We can see from the results that there indeed seems not to be a significant relationship between treatment and the bprs variable. The relationship between time and bprs is highly significant. However, given that this model is unlikely to capture the structure of the data correctly, we'll go on to try random intercept and random slope models to investigate the relationship between the treatments.
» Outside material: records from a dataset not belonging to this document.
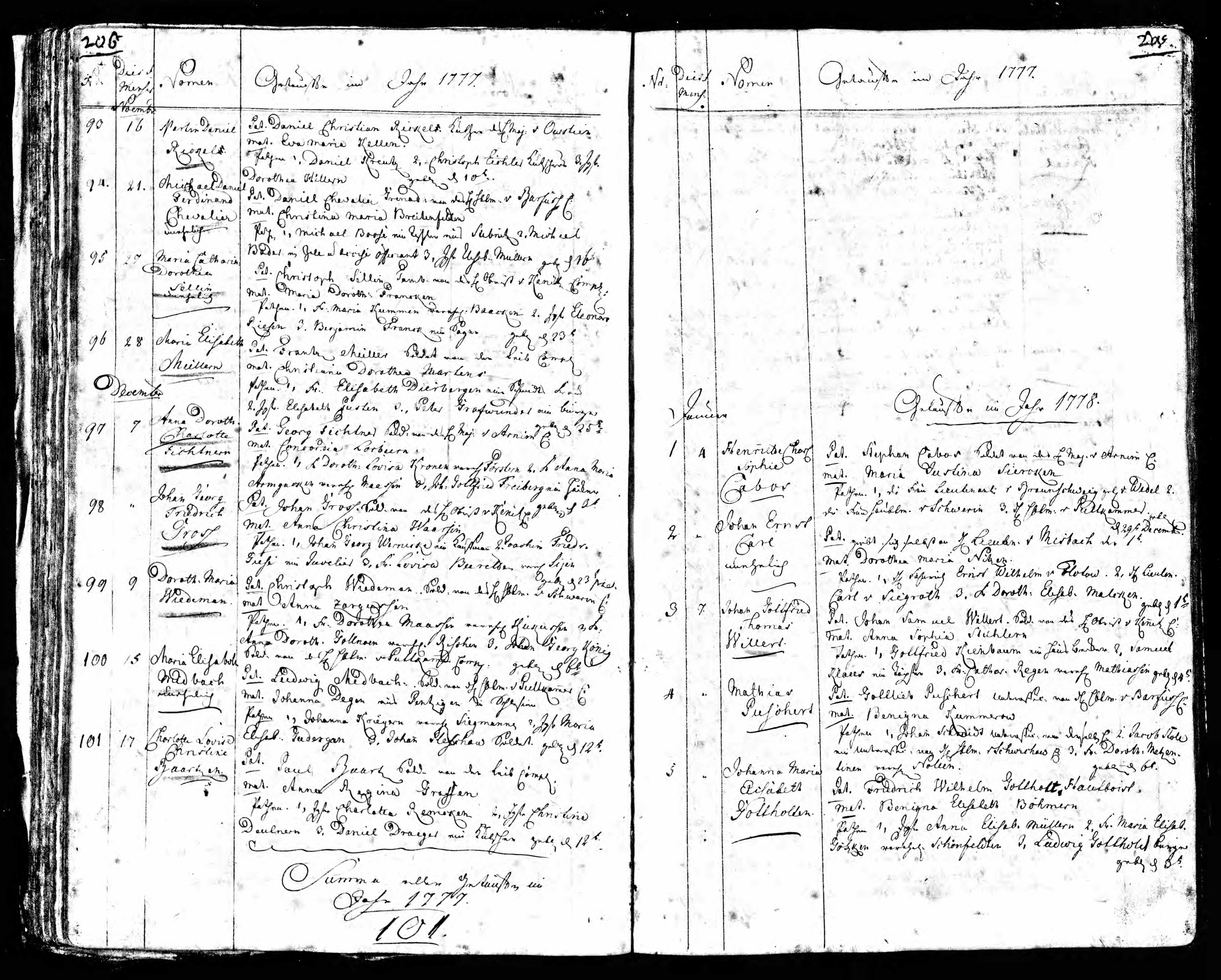 "Henriette Charl. Sophie Cabos — Pat. Stephan Cabos Soldat von dem H Maj v Arnim — Mat Marie Justine Siercken — Pathen: 1. Die Frau Lieutenant v Braunschweig geb v Wedel, 2. Frau Haubtm. v Schwerin, 3. H... v Puttkammer — Geboren 29. Dezember 1777"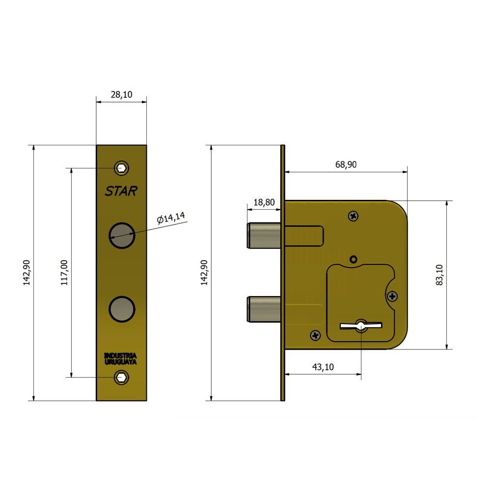 Cerrojo “Seguridad” 2 pasadores redondos giratorios.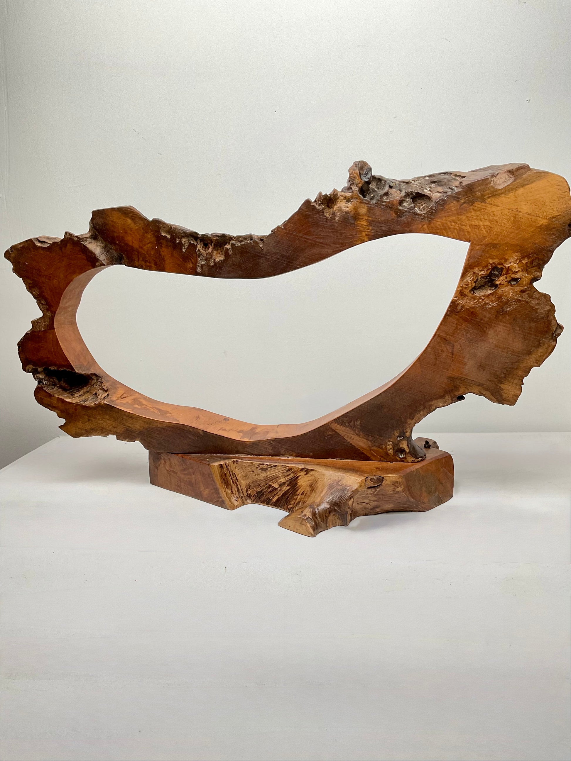 Sculpted from the raw edges of Indonesian teak, this piece forms a natural frame—its contours resembling the gentle curve of a wave or the silhouette of a distant shoreline. The open center invites the surrounding space to become part of the art, creating a changing composition with every viewing angle.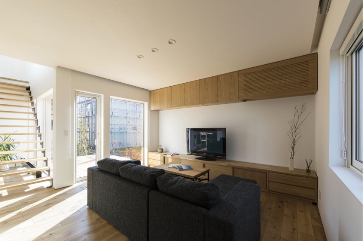 高性能な断熱効果と長期的な維持能力により快適な温熱環境を図る為、外壁面にスタイロエース-Ⅱ75mm、壁体内と天井面にはブローイング式グラスウール、基礎部分には押出法ポリスチレンフォームを用いて家全体を隙間なく覆い、魔法瓶のような高い断熱性能を実現しております。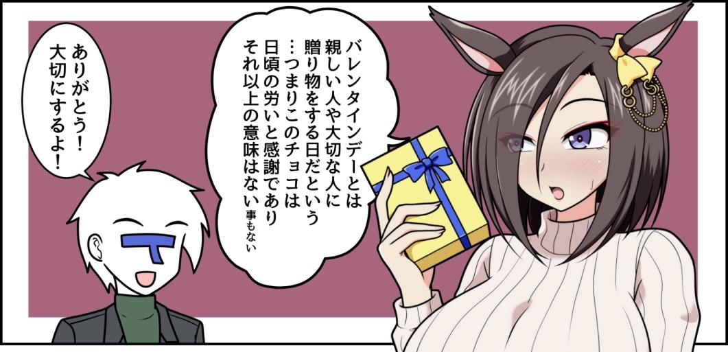 【ウマ娘】エアグルーヴのバレンタイン 2025年02月17日 カテゴリ:エアグルーヴ スポンサードリンク エアグルーヴのバレンタイン pic.twitter.com/y3ZaAK7Ovp— イズミ (@izumi_p) February 16, 2025 タグ :#イズミ スポンサードリンク 「エアグルーヴ」カテゴリの最新記事 コメントする コメントフォーム 名前 コメント 記事の評価 リセット リセット 顔 星 情報を記憶 コメントを投稿する  【ウマ娘】カンノーリは、日常と共に。【ウマ娘】4コマ「ライツ博士とプラモサティ」

We'll first fit the random intercept model on the data, with week and treatment as explanatory variables and the subject number as the random effect.

```{r}
library(lme4)

BPRS_ref <- lmer(bprs ~ week + treatment + (1 | subject), data = BPRSL, REML = FALSE)
summary(BPRS_ref)
```

The estimated variance for the subject random effect is 47.41, which is quite low. This means that variance in the intercepts of the regression fits of the individual bprs profiles is not very large. The estimated regression parameters are very similar to those of the linear model above. The standard error of both coefficients is lower, however, in the random intercept model than in the independence model, which means that the model that assumes independence does not take into account within-subject dependencies between measurements. From computing the confidence intervals for the coefficient estimates, we can see that week is still significant, but treatment is not (the interval for week does not include zero, but treatment does).

```{r}
confint(BPRS_ref)
```

Let's now fit a random intercept and random slope model to the data. We'll do that by using the subject number and week as the random effects.

```{r}
BPRS_ref1 <- lmer(bprs ~ week + treatment + (week | subject), data = BPRSL, REML = FALSE)
summary(BPRS_ref1)
```

The coefficient estimates in this model are exactly the same as in the random intercept model, and the results for the fixed effects are very similar in other ways too. The standard error for week is slightly higher, but for treatment it's almost the same.

Let's perform ANOVA test on these two models to compare them. The code below performs the Chi-square test which shows whether the reduction in the residual sum of squares between these two models is statistically significant.

```{r}
anova(BPRS_ref1, BPRS_ref)
```

We can see from the ANOVA results that the difference between the models is significant, and the random intercept and random slope model provides a better fit to the data than the random intercept model.

Let's see if we can still improve the fit by introducing interactions in the random intercept and random slope model between week and treatment. The code below fits the model and summarizes the results, after which we'll again use ANOVA to compare.

```{r}
BPRS_ref2 <- lmer(bprs ~ week * treatment + (week | subject), data = BPRSL, REML = FALSE)
summary(BPRS_ref2)
```

The fixed effects results are somewhat different now than in the previous model, with the estimate for treatment being much lower. The standard errors for both estimates are also somewhat larger. We can also see from the estimated regression parameters for the introduced interaction that the slope of change in bprs is on average 0.72 times higher in treatment group 2 than in group 1. Let's now compare the models with ANOVA.

```{r}
anova(BPRS_ref2, BPRS_ref1)
```

We can see that the model with interactions provides a still better fit to the data. Let's finally plot the fitted values from the interaction next to the observed values, to see how well they align.

```{r}
# Create a vector of the fitted values
Fitted <- fitted(BPRS_ref2)

# Create a new column fitted to BPRSL
BPRSL <- BPRSL %>%
  mutate(Fitted)

# Plot the fitted values for the two treatment groups
ggplot(BPRSL, aes(x = week, y = Fitted, group = subject)) +
  geom_line(aes(color = subject)) +
  facet_grid(. ~ treatment, labeller = label_both) +
  scale_x_continuous(name = "weeks", breaks = seq(0, 8, 1)) +
  scale_y_continuous(name = "fitted bprs") +
  theme(legend.position = "top")
```

It seems that the fitted values seem to align better with the observed values in the first treatment group. However, observed values in the second group included individuals whose bprs values went up and down over the weeks guite drastically. For these individuals, the model might not capture the variance so well.